High Court Should Restore Sentencing Due Process

By Alan Ellis and Mark Allenbaugh | November 27, 2019, 12:15 PM EST

Alan Ellis
Alan Ellis
Mark Allenbaugh
Mark Allenbaugh
According to U.S. Supreme Court Justice Neil Gorsuch in his recent plurality opinion in United States v. Haymond,[1] “[o]nly a jury, acting on proof beyond a reasonable doubt, may take a person’s liberty.”[2] Unfortunately, that isn’t always quite true. Since at least the court’s 1997 decision in United States v. Watts,[3] sentencing judges, and not juries, have considered uncharged, dismissed and even acquitted conduct for purposes of enhancing a defendant’s sentence.

But all that may soon change due to a notorious mobster. This past summer, 84-year-old Vincent Asaro, a long-time captain for the Bonanno crime family,[4] asked the U.S. Supreme Court to review his 96-month sentence for arson. The problem, according to Mr.
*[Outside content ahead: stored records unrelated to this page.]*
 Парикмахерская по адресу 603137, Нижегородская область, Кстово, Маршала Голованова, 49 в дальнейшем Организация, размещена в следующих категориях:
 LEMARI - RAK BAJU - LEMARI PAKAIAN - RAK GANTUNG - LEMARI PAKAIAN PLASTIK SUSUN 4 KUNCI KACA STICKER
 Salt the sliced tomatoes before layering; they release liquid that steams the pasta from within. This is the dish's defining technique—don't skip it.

Asaro, was that the bulk of his sentence was based not on the arson, but on unrelated conduct from a prior Racketeer Influenced and Corrupt Organizations Act trial on which he was acquitted of all counts.
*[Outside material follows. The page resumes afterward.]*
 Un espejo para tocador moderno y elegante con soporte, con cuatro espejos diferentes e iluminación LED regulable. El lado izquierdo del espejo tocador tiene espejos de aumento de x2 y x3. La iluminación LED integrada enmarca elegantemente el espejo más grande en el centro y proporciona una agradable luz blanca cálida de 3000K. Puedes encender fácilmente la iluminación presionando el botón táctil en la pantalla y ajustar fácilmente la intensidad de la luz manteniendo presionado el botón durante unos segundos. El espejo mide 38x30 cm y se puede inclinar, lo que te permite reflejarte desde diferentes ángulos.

Should the court decide to review his case, it could not only finally put an end to the very troubling and widely criticized un-American use of acquitted conduct at sentencing, but also signal a fundamental change as to the use of even uncharged so-called “relevant conduct” at sentencing.

The Case and Sentencing of Vincent “Vinny” Asaro

On Dec. 11, 1978, the “largest theft of currency ever committed on American soil at the time” occurred at JFK International Airport.[5] Known as the “Lufthansa Heist,” and famously recounted in the 1990 movie “Goodfellas,” Asaro and several associates allegedly stole nearly $6 million in cash and jewelry from a vault operated by Lufthansa Airlines. The heist would go unsolved for decades.

Then, on Jan. 16, 2014, Asaro was indicted on racketeering charges, which included the Lufthansa Heist as well as the alleged 1969 murder of informant Paul Katz.[6] On Nov. 12, 2015, however, after a three-week trial, Asaro was acquitted of all charges.[7]

Unfortunately for Asaro, he was apparently a bit of a hot-head. Back on April 1, 2012, a motorist cut him off in traffic, which prompted Asaro to direct some of his underlings to find the motorist’s vehicle and torch it.[8] On June 27, 2017, a year-and-a-half after his RICO trial and acquittals, Asaro pled guilty to a single count of arson (unrelated to the prior RICO case).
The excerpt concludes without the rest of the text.